§ TASK STATEMENT
Find the line that contains "CARABINA TIP ALPINISM" in the records below, then repeat exactly that line and each one after it, leaving pictures out.

━━ EXERCISE INPUT ━━

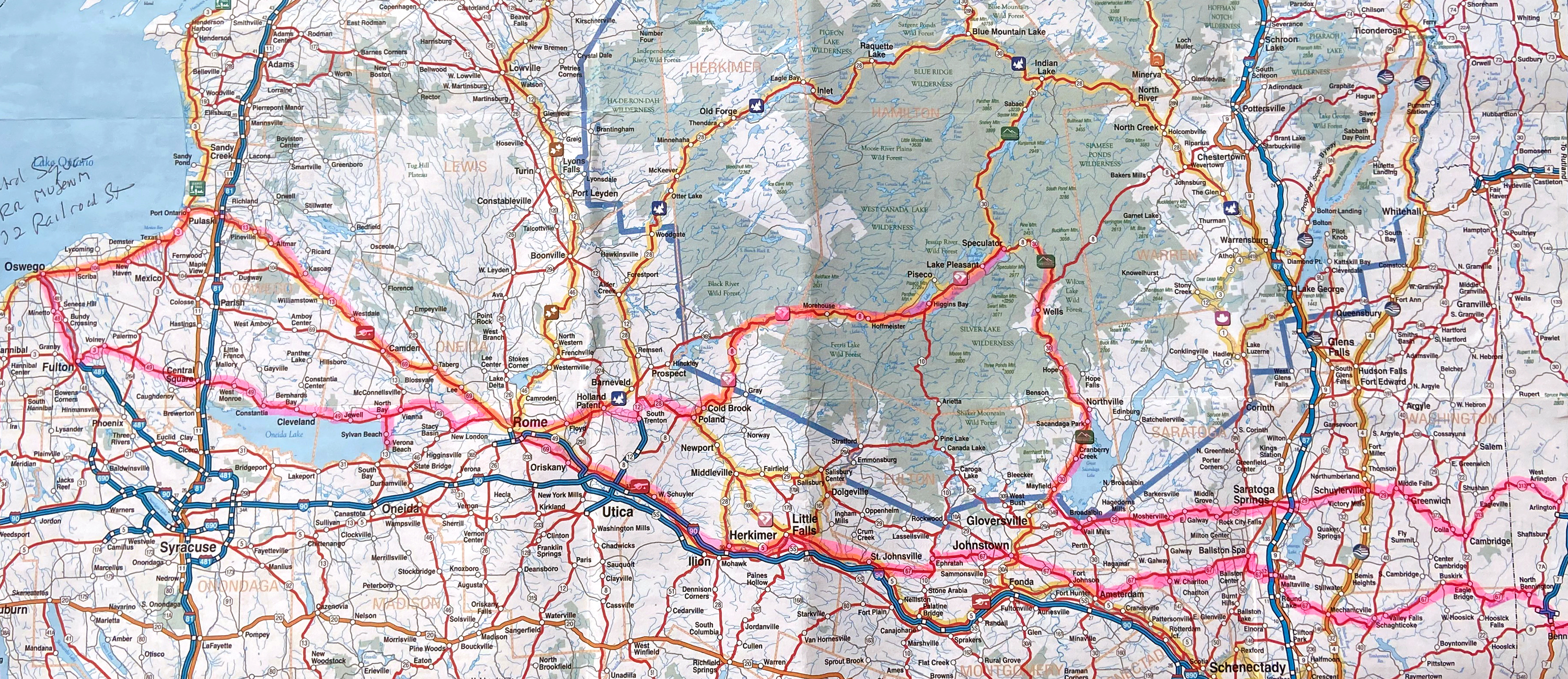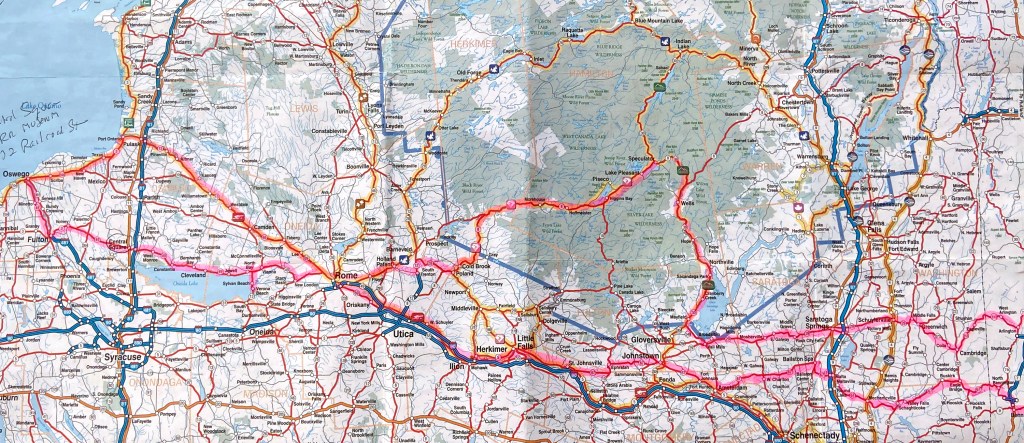 How do you get to Oswego on Lake Ontario, four and 1/2 hours away per google? Back roads, of course, with no tolls and explorations encompassing over nine hours instead. Below is a map (that you can click for full screen) to give you the routes I took west, and then back east, which I will relate in Part II of this trip report.
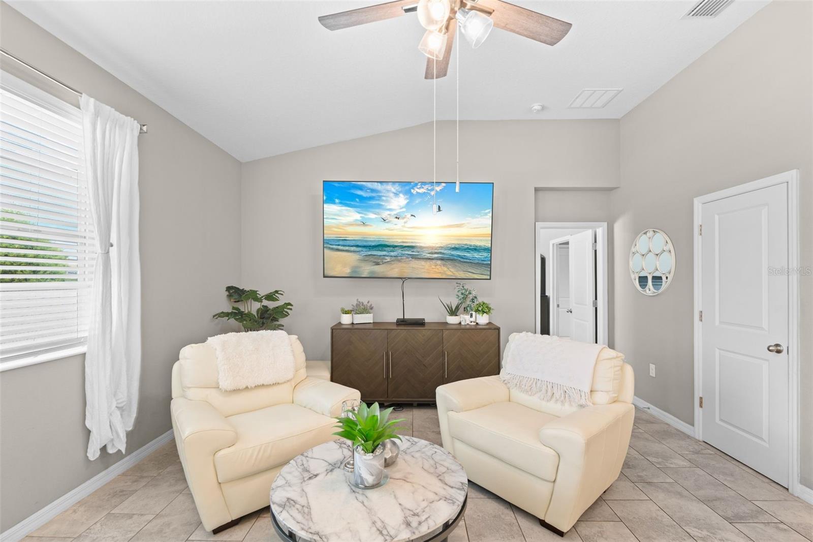 Exterior: Hurricane Shutters, Sidewalk, Sliding Doors
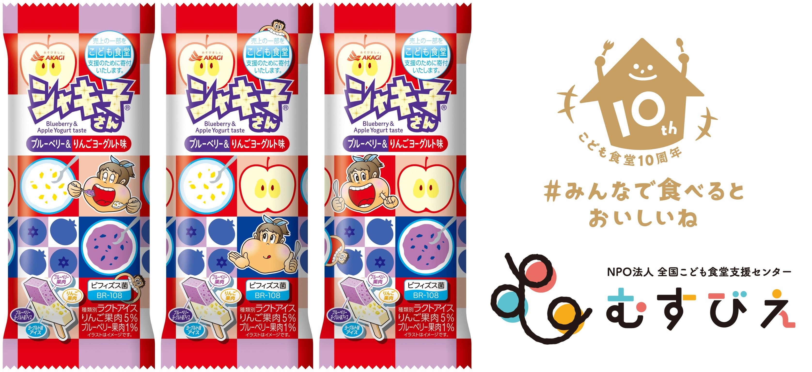 また、商品を通して、未来を担う子ども達の健やかな成長や、地域活性化を支援するために、認定NPO法人全国こども食堂支援センター・むすびえ(所在地:東京都新宿区、理事長:湯浅誠)に、 「シャキ子さんブルーベリー&りんごヨーグルト味」の売上の一部を寄付いたします。
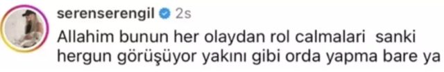 Gülben Ergen’in ağladığı anlara dair bir yorum yapan Seren Serengil, Ergen’in bu duygusal anlarının gerçekçi olmadığını ve “rol çaldığını” iddia etti. Serengil’i “Allah’ım bunun her olaydan rol çalmaları… Sanki her gün görüşüyor, yakını gibi. Orada yapma bari ya!” yazdı.
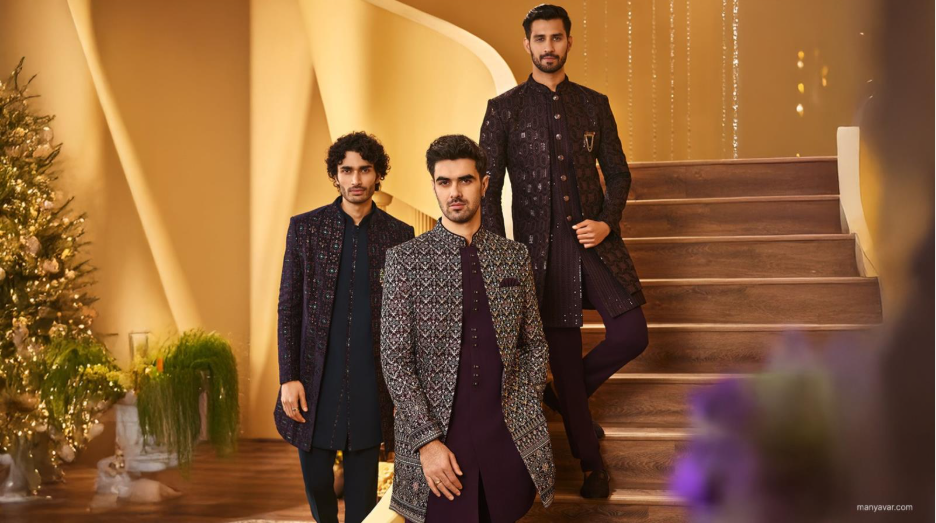 Look for designs with interesting drapes or cuts. A shorter sherwani jacket paired with slim trousers is a popular silhouette. Don't be afraid of subtle embroidery or textured fabrics. This style pairs well with loafers or mojaris, depending on the specific design.
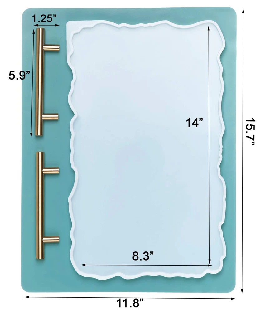 Why Choose ? Package comes with 1 Pcs Geode Agate Platter Mold and 2 Pcs Gold Handles along with an A3 extra large silicone mat (15.8 x 11.7 inches) to keep your craft table away from resin, epoxy, glue, glitter, paint, ink, oil, scratches etc., Made of high quality silicone, these epoxy resin molds are soft, thick and flexible, well resistant to tearing, hard to deform and fade, washable, pretty durable and reusable. You just need to twist the mold and release your creations when the resin is completely cured.The finished products are very shiny and scratch-free. Wash resin molds with warm soapy water after use and keep them away from heat and dust. Perfect DIY casting resin mold for making various faux agate serving tray, geode serving board, decorative home ornaments etc. How to Make a Resin Serving Board: 1. Pour resin into measurement cup, slowly stir to release bubbles. Adding any element like glitter, mica , liquid resin dye, dried flowers if you want. 2. Pour it into your mold and put the handles onto the appropriate position before the epoxy cured. 3. After for 24-48 hours, when resin completely solidify, you can release the resin out, and the beautiful sparkle tray is done. What You Get: 1 Pcs Geode Agate Platter Mold & 2 Pcs Gold Handles with an A3 extra large silicone mat (15.7 x 11.7 inches) to keep your craft table away from resin, epoxy, glue, glitter, paint, ink, oil, scratches etc., Agate Tray Molds: You could easily use our silicone resin molds to create natural and sparkly resin geode agate serving tray. MOLD SIZE:8.3x14x0.4inch. Wide Applications: These silicone molds for resin can be applied to make various faux agate serving tray, geode serving board, decorative home ornaments etc. Easy Demold Easy Clean: With our Resin casting molds made of premium quality silicone with features of thick, flexible and reusable, you just need to twist the mold and release your creations after the resin is completely cured. Wash resin molds with warm soapy water after use and keep them away from heat and dust. Warm Tip:1)The tray molds are suitable for casting resin only, not for coating resin. 2)The torch and heat is not recommended to use as the heat will damage the mold. 3) Put the handles on appropriate position before the epoxy gets thick(no screws needed).
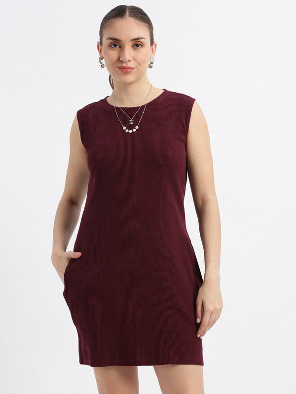Stripe Waffle Cool blue Asymmetrical Hem Dress
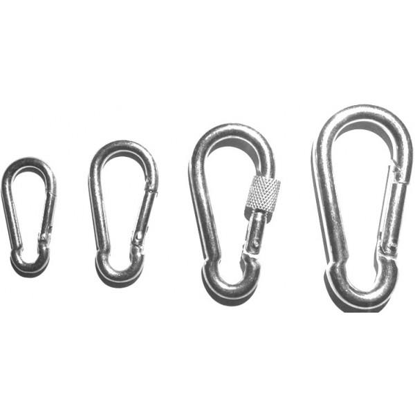 CARABINA TIP ALPINISM UTILIZATA PENTRU ASIGURAREA DIVERSELOR OBIECTE, INCEPAND DE LA CHEI, CABLURI, CHINGI, SFORI, FRANGHII, ETC.. INCHIDEREA CARLIGULUI SE FACE PRINTR-UN LEVIER CU ARC, CARABINIERA NEPUTAND RAMANE DESCHISA
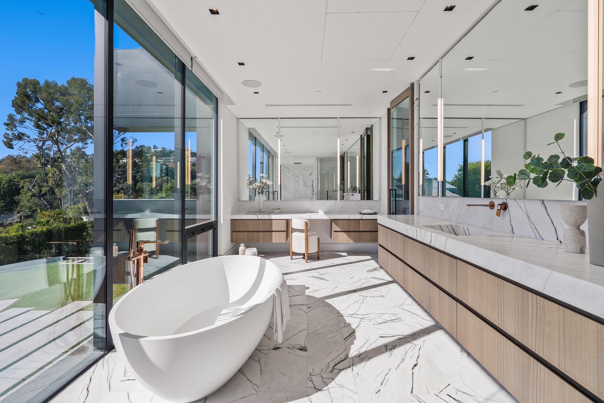 A masterpiece of architecture and design, this contemporary estate delivers the height of luxury living in the Holmby Hills. Spread across multiple levels with lift access, the rooms set the tone for total relaxation and family entertainment. From the outdoor pool and Jacuzzi to the indoor gym and wellness area, this is the perfect setting for a refreshing retreat. You’ll also find a home theatre, a temperature-controlled wine cellar and an office, making this is a great option for business, work and pleasure. There is a concierge service offering a range of extra services. Plus, it’s just ten-miles to Santa Monica and Venice Beach.
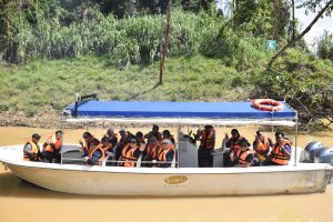 Pada sesi petang, rombongan pelajar tersebut telah dibawa untuk menyusuri Sungai Kinabatangan.
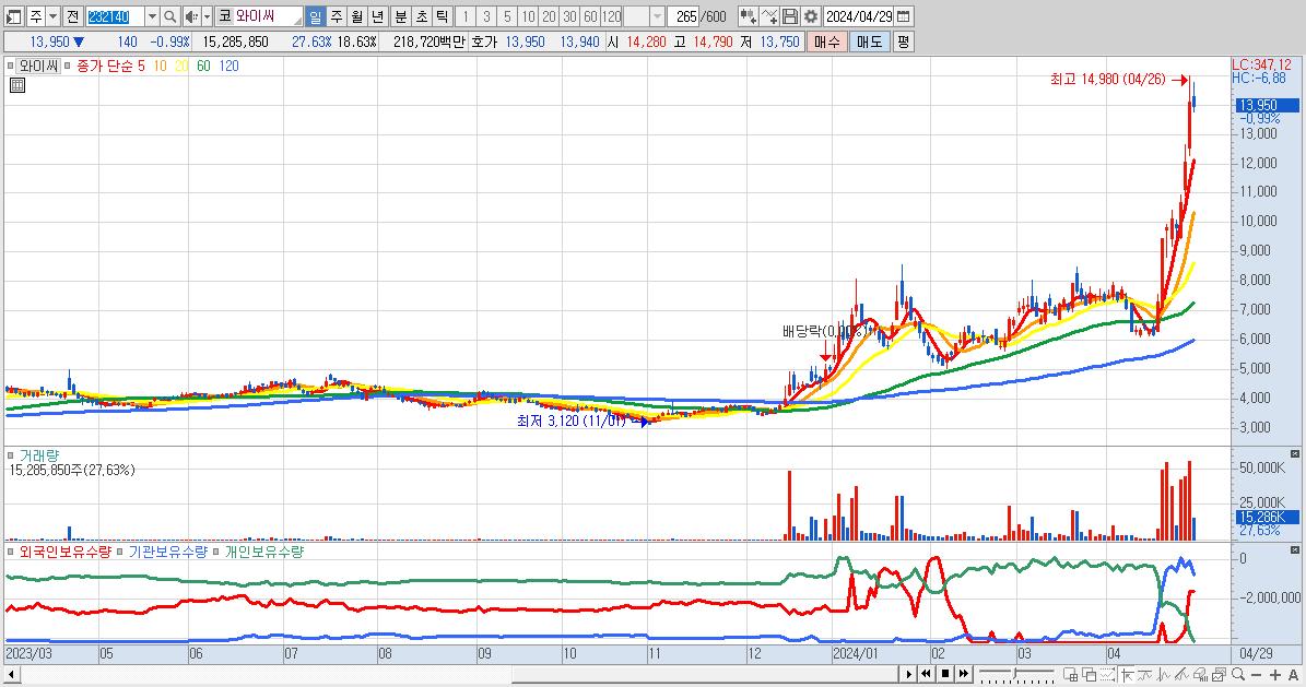 - 와이씨 (13,950원 ▼ -0.99% , 시총: 11,445억, 외국인 순매수 거래금:112억)

━━━

§ EXERCISE ANSWER
 CARABINA TIP ALPINISM UTILIZATA PENTRU ASIGURAREA DIVERSELOR OBIECTE, INCEPAND DE LA CHEI, CABLURI, CHINGI, SFORI, FRANGHII, ETC.. INCHIDEREA CARLIGULUI SE FACE PRINTR-UN LEVIER CU ARC, CARABINIERA NEPUTAND RAMANE DESCHISA
 A masterpiece of architecture and design, this contemporary estate delivers the height of luxury living in the Holmby Hills. Spread across multiple levels with lift access, the rooms set the tone for total relaxation and family entertainment. From the outdoor pool and Jacuzzi to the indoor gym and wellness area, this is the perfect setting for a refreshing retreat. You’ll also find a home theatre, a temperature-controlled wine cellar and an office, making this is a great option for business, work and pleasure. There is a concierge service offering a range of extra services. Plus, it’s just ten-miles to Santa Monica and Venice Beach.
 Pada sesi petang, rombongan pelajar tersebut telah dibawa untuk menyusuri Sungai Kinabatangan.
 - 와이씨 (13,950원 ▼ -0.99% , 시총: 11,445억, 외국인 순매수 거래금:112억)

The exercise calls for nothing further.